Work required – Look through the entries below and copy exactly the part that begins with the line containing "Apportez de l’exotisme" and ends with the line containing "Graf níže ukazuje". Do not copy the pictures.
****
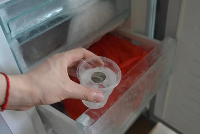 Cách thực hiện rất đơn giản: Bạn chỉ cần lấy một chiếc cốc hoặc bát nhỏ, đổ đầy nước và đặt vào ngăn đá để nước đông cứng hoàn toàn. Sau đó, đặt một đồng xu lên trên bề mặt lớp đá và để nguyên cốc nước đó ở một vị trí dễ thấy trong ngăn đông.
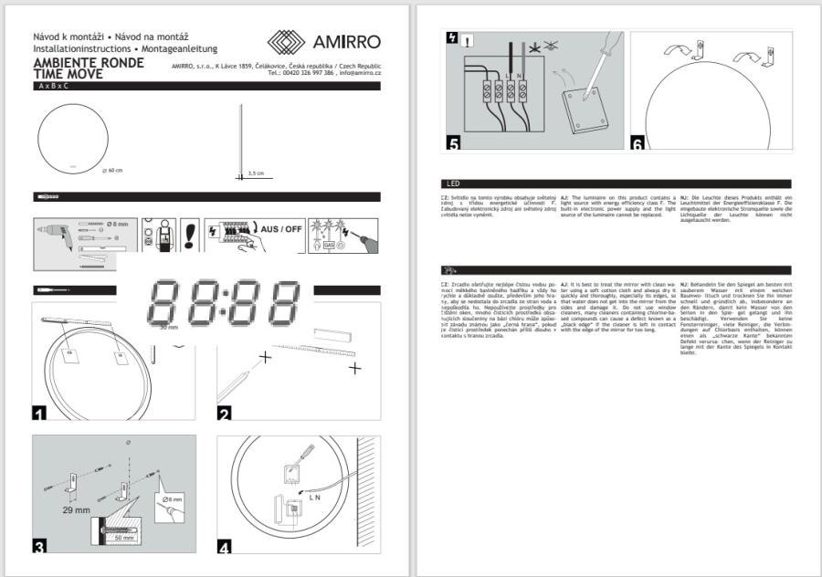 I když senzorem vypnete osvětlení zrcadla, hodiny zůstávají pod proudem a fungují. V případě, že je zrcadlo napojeno současně i na vypínač na zdi, i tento musí být v poloze zapnuto, aby hodiny fungovaly. Zrcadlo je vybaveno závěsy i vhodnými háky na zeď.
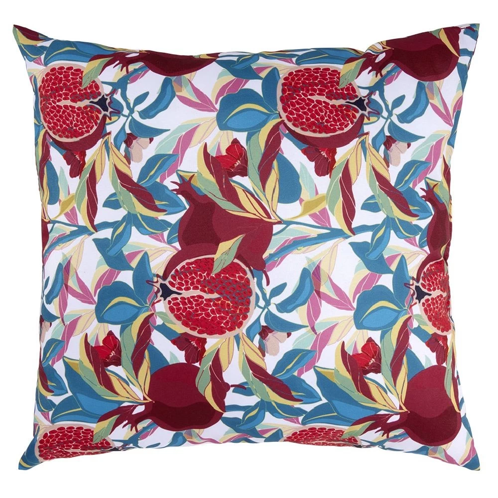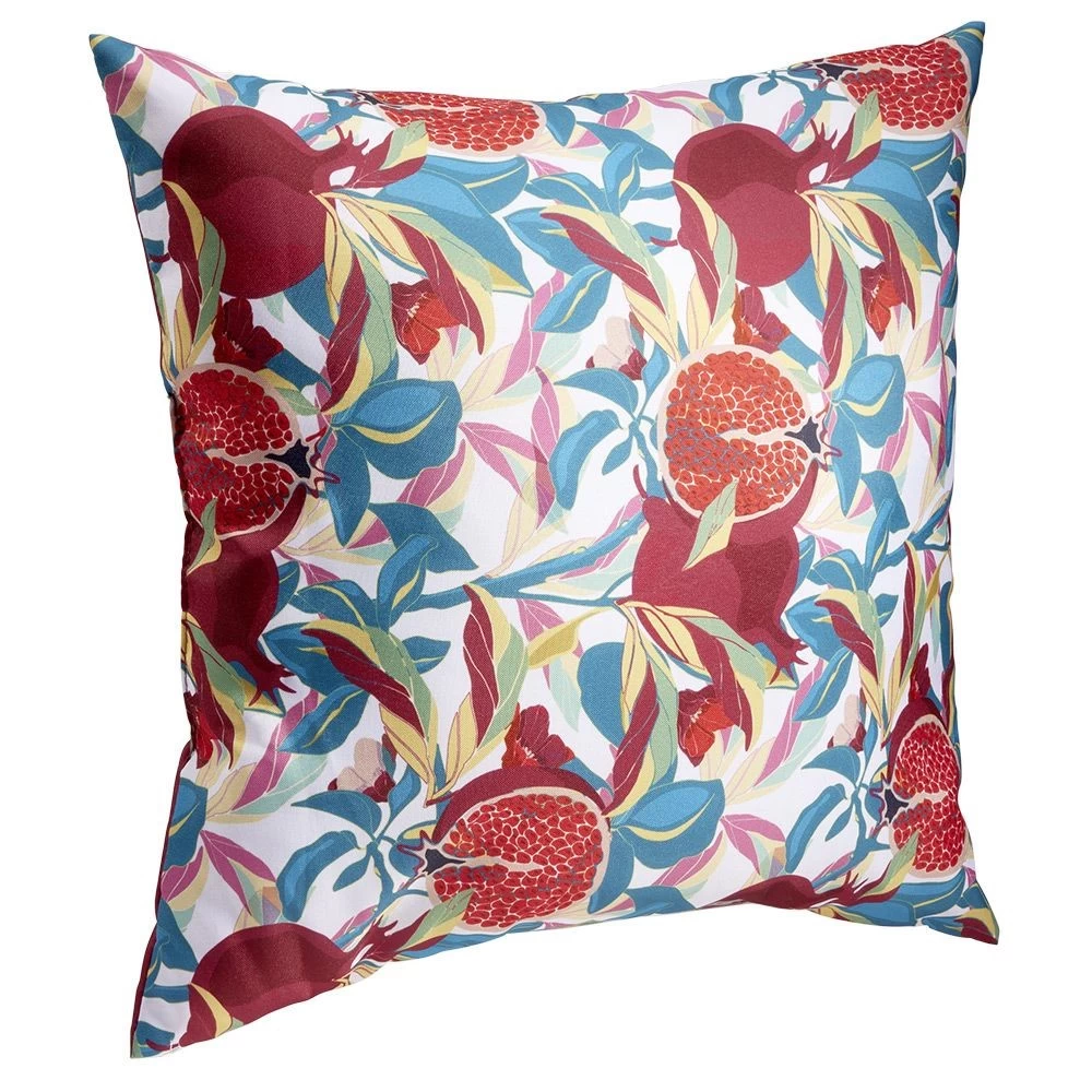 Apportez de l’exotisme à votre décoration d’extérieur avec ce coussin carré biface d’un côté uni rouge et de l’autre sur fond blanc imprimé feuillages bleus et roses avec grenades rouges. Déperlant, les gouttes glisseront sur le coussin, un simple coup d’éponge suffira.
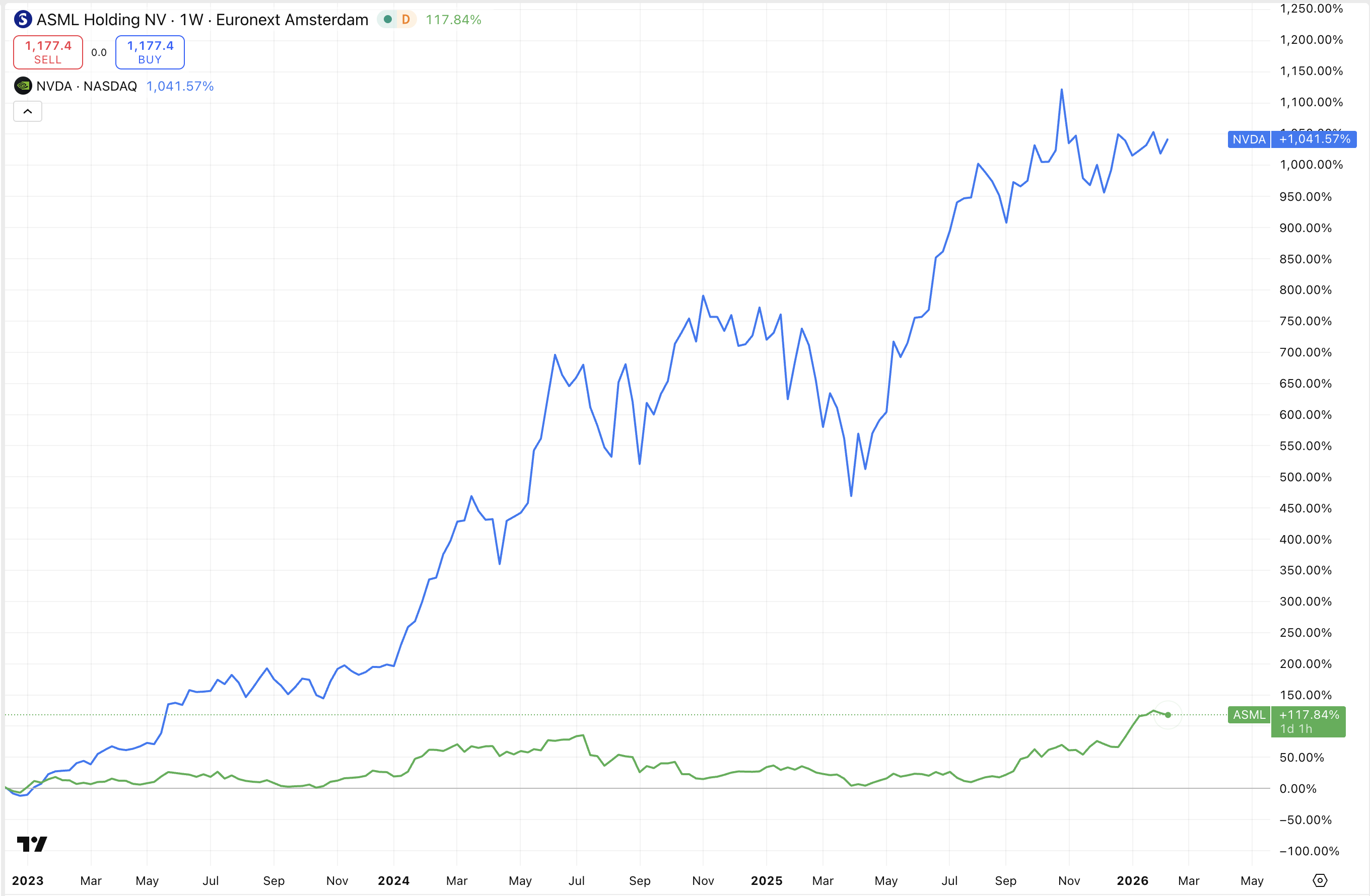 Graf níže ukazuje srovnání výkonnosti akcií ASML (zeleně) a společnosti Nvidia (modře) za poslední tři roky. Zatímco Nvidia vzrostla o více než 1 000 %, akcie ASML si za stejné období připsaly přibližně 120 %.
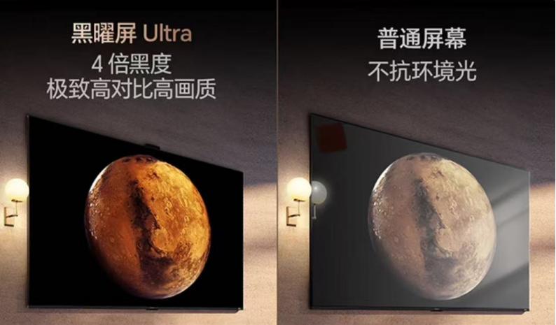 而另一個讓消費者煩惱的話題——屏幕反射,U8Q也提供了專門的解決方案——黑曜屏Ultra。通常消費者在選擇大屏電視的時候都會選擇低反屏,在這個基礎上,U8Q采用了雙層低反屏的方案。簡單解釋就是屏幕內外都使用了納米級LR低反技術,這個技術是海信獨家定制,能夠把反射率降低到1.28%,作為對比,普通電視屏幕的反射率大概在5.6%。
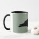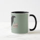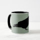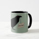 Mug with my original digitally created image of a raven or crow. The raven is ink black with blood-red eyes. He holds a chain in his mouth from which hangs a time-worn note reading "Nevermore". He stands against a grayish-green background with fine, tone-on-tone, wavy lines. A very literary way to enjoy your coffee or tea at Halloween or most any other time. This design can be used on any of a number of different mugs, glasses and steins.
****
Problem solution –
 Apportez de l’exotisme à votre décoration d’extérieur avec ce coussin carré biface d’un côté uni rouge et de l’autre sur fond blanc imprimé feuillages bleus et roses avec grenades rouges. Déperlant, les gouttes glisseront sur le coussin, un simple coup d’éponge suffira.
 Graf níže ukazuje srovnání výkonnosti akcií ASML (zeleně) a společnosti Nvidia (modře) za poslední tři roky. Zatímco Nvidia vzrostla o více než 1 000 %, akcie ASML si za stejné období připsaly přibližně 120 %.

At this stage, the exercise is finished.